The speech recognition method according to claim 1,
The above speech recognition reliability calculation process is as follows:
A word set acquisition step of dividing the word of the speech recognition result into a word set while moving a predetermined number n from the beginning by m, which is a number smaller than n;
Multiply the word recognition reliability by the duration of the word and cancel the time normalization, add the sum, and divide the sum by the sum of the durations of all words in the word set. A word set sound reliability calculation step to be obtained as a set sound reliability;
By referring to a word association degree table representing the degree of association between two words among all the combinations between words included in the speech recognition result, an average value of association strengths of the combinations of two words included in the word set is obtained.
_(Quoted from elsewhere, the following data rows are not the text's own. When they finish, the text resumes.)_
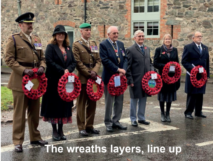
The wreaths layers, line up

After the service and wreath laying, the congregation joined the clergy in the Old Woodhouse village hall for tea and biscuits, together with a great deal of lantern swinging as old soldiers, many of whom had been trained at the old Garats Hay barracks, related tales of their exploits to the younger soldiers present.
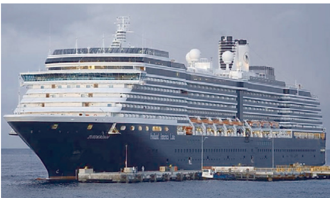
Azipod Diesel-Electric Cruise Ship
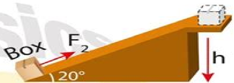
Figure - 2
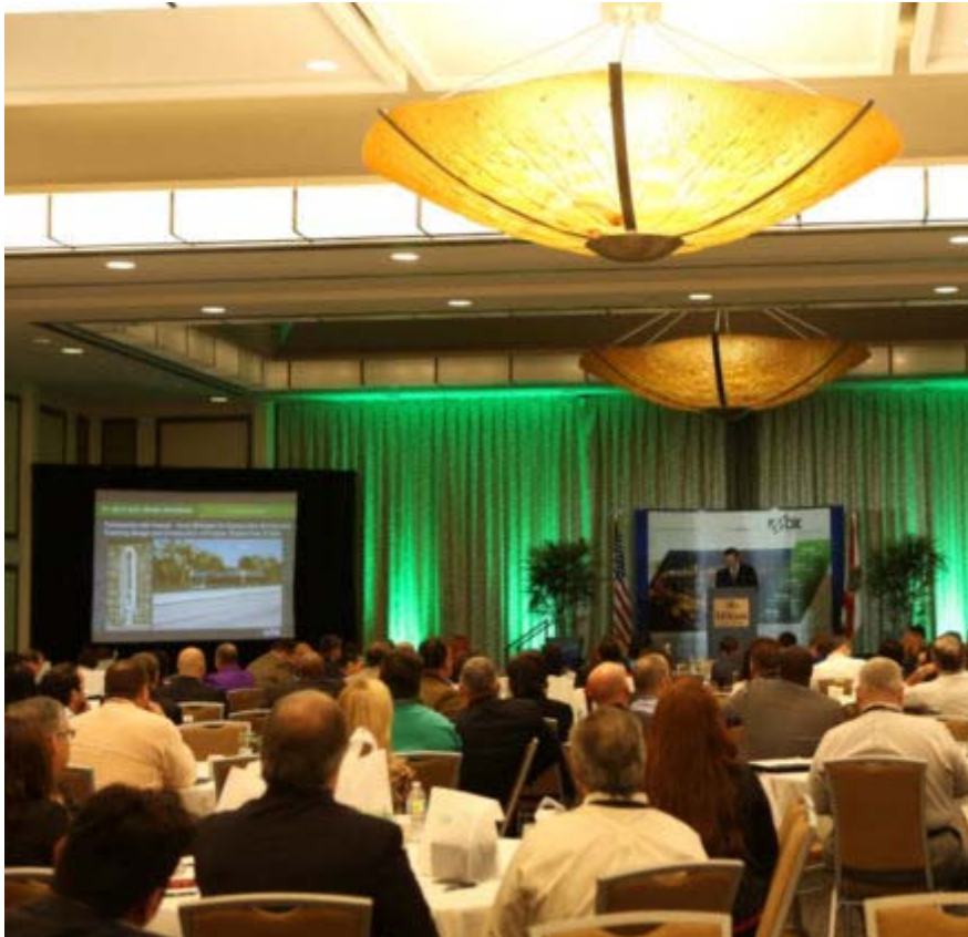
More than 260 people attended this year's MDX for Business Conference.
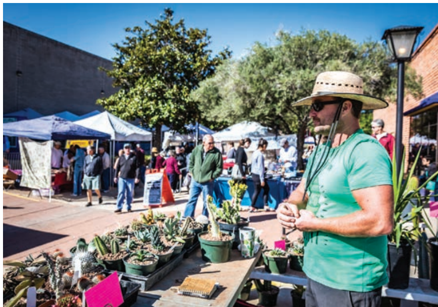
At the weekly Green Valley Village Farmers and Artisans Market, vendors hawk everything from Sonoran hot dogs to succulents and cactuses.

Plus, volunteer work is encouraged and supported. "There's a lot of volunteerism here to run all the activities in

A word set context reliability calculation step to obtain as word set context reliability,
A reliability integration step of obtaining a value obtained by averaging the word set acoustic reliability and the word set context reliability of the entire voice document as a voice document recognition reliability;
A speech recognition method comprising:

The speech recognition method according to claim 1,
The above speech recognition reliability calculation process is as follows:
The word of the speech recognition result is divided into a word set while moving a predetermined number n from the beginning by m less than n, and immediately before the first to mth words to be added to the first word set The duplicate flag and the immediately following duplicate flag are set to false, the immediately preceding duplicate flag of the first to N · mth words to be added to the Nth word set is true and the immediately following duplicate flag is false, and the N · m + 1 to n + N A word set acquisition step in which the immediately preceding duplicate flag of the mth word is false and the immediately following duplicate flag is true;
The overlapping section storage step for storing the value obtained by multiplying the word recognition reliability of the word for which the duplication flag is true by the duration length of the word and canceling the time normalization, and the duration length, and
A value obtained by multiplying the word recognition reliability of the word whose previous duplicate flag is false and the true duplicate flag is true by the duration length of the word and canceling the time normalization, the duration duration, and the overlapping section storing step A word set acoustic reliability fast calculation step for calculating the acoustic reliability of the word set from the value stored in
A speech recognition method comprising:

A speech recognition unit that outputs a speech recognition result to which word recognition reliability is given for each word obtained by performing speech recognition processing on the input speech document;
A speech recognition reliability calculation unit that calculates and outputs a speech document recognition reliability that is a recognition reliability of the entire speech document by using the speech recognition result as an input;
A voice document removal unit that removes a voice document that is less than a predetermined voice document recognition reliability threshold by inputting the voice recognition result and the voice document recognition reliability;
A word removal unit that removes words having a word recognition reliability less than a predetermined word recognition reliability threshold from the voice recognition result of the voice document that has not been removed by the voice document removal unit;
A speech recognition apparatus comprising:

A speech recognition method program for causing a computer to execute the speech recognition method according to claim 1.